Directeur van het Centrum voor Actuele Politiek Ivan Konovalov zei in dit verband: “Ik was in beide Tsjetsjeense campagnes en vandaag zie ik hoe ervaren milities hun ervaring gebruiken. Dit is te zien aan uniformen, uitrusting, tactiek. Sommigen knippen zelfs hun baard, zoals in die oorlog. En het belangrijkste is dat de milities hier volledige vrijheid van handelen hebben. Het charter is niet op hen van toepassing, ze vechten zoals het hen uitkomt. Dit kan de serieuze tactische successen verklaren, met name in het werk van de DRG. Vergeet niet dat de overgrote meerderheid van de milities vecht voor het gebied dat ze heel goed kennen, en in de omstandigheden van een semi-guerrillaconflict is dit een serieus voordeel ten opzichte van de vijand. Een typische militie is een volwassen man van 30-40 jaar oud, en soms zelfs 50 jaar oud, wat ook een zekere indruk achterlaat op de tactiek van oorlogvoering. Meer ervaren militiestrijders zijn succesvoller dan 20-jarige jongeren van de volgende oproep van de strijdkrachten van Oekraïne op het gebied van overleving en zijn veel stabieler in psychologische termen.
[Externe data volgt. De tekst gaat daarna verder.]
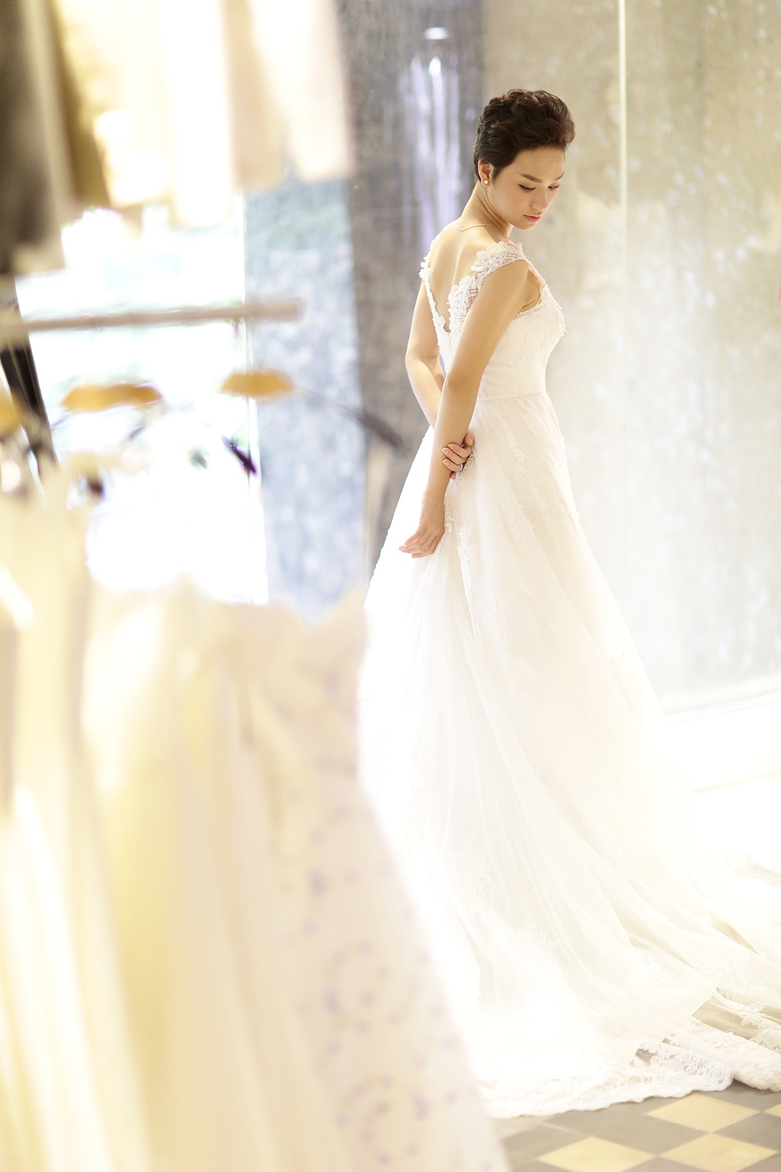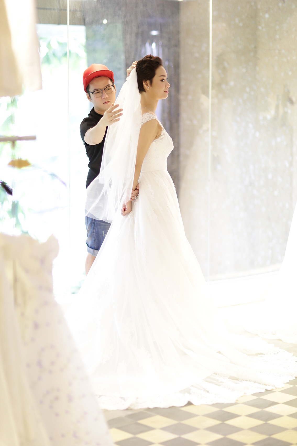 Trà My khá hào hứng trong buổi thử trang phục. Tông màu trắng cũng là màu mà cô và chồng yêu thích.
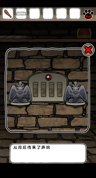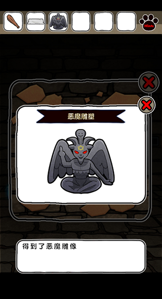 4、返回铁栏杆房间,用棍棒击碎地面两个罐子,打开地板暗门,获得「恶魔雕塑」。

De meesten hadden in het leger gediend, velen waren contractsoldaten, waardoor ze veel professionelere wapengebruikers zijn dan hun tegenstanders aan de andere kant van het front. Dit is precies de reden voor de overwinning van de militiespecialisten in het artillerieduel met de "kanonniers" van Oekraïne. De tactieken van voornamelijk smokkelwaar-oorlogvoering waren veel effectiever dan de ondoordachte en meedogenloze beschietingen van nederzettingen in Donbass door de ATO-troepen. Bovendien speelde het algemene technische competentieniveau van de bevolking van de industrieel ontwikkelde Donbass de zelfverdedigingstroepen in de kaart: met name de uitrusting werd veel sneller hersteld en ging opnieuw de strijd aan. Eerdere Oekraïense milities brachten zelfgemaakte drones in de strijd met geïnstalleerde videobewakingscamera's. Dit werd een van de redenen voor de weigering van de zelfverdedigingstroepen van bloedige aanvallen op de indrukwekkende hoogten. Nu, zelfs voor verkenning in het belang van artillerie, is één Chinese of zelfgemaakte drone voldoende.
Het tijdelijke resultaat van de confrontatie tussen Oekraïne en LDNR was een relatieve rust, die niet anders kan worden geïnterpreteerd dan de overwinning van de zelfverdedigingstroepen van Donbass. Met zo'n gigantische onbalans in de aanvankelijke strijdkrachten, slaagde de militie erin de vijand te laten bloeden en te verslijten, die nu veel minder motief voor de oorlog heeft.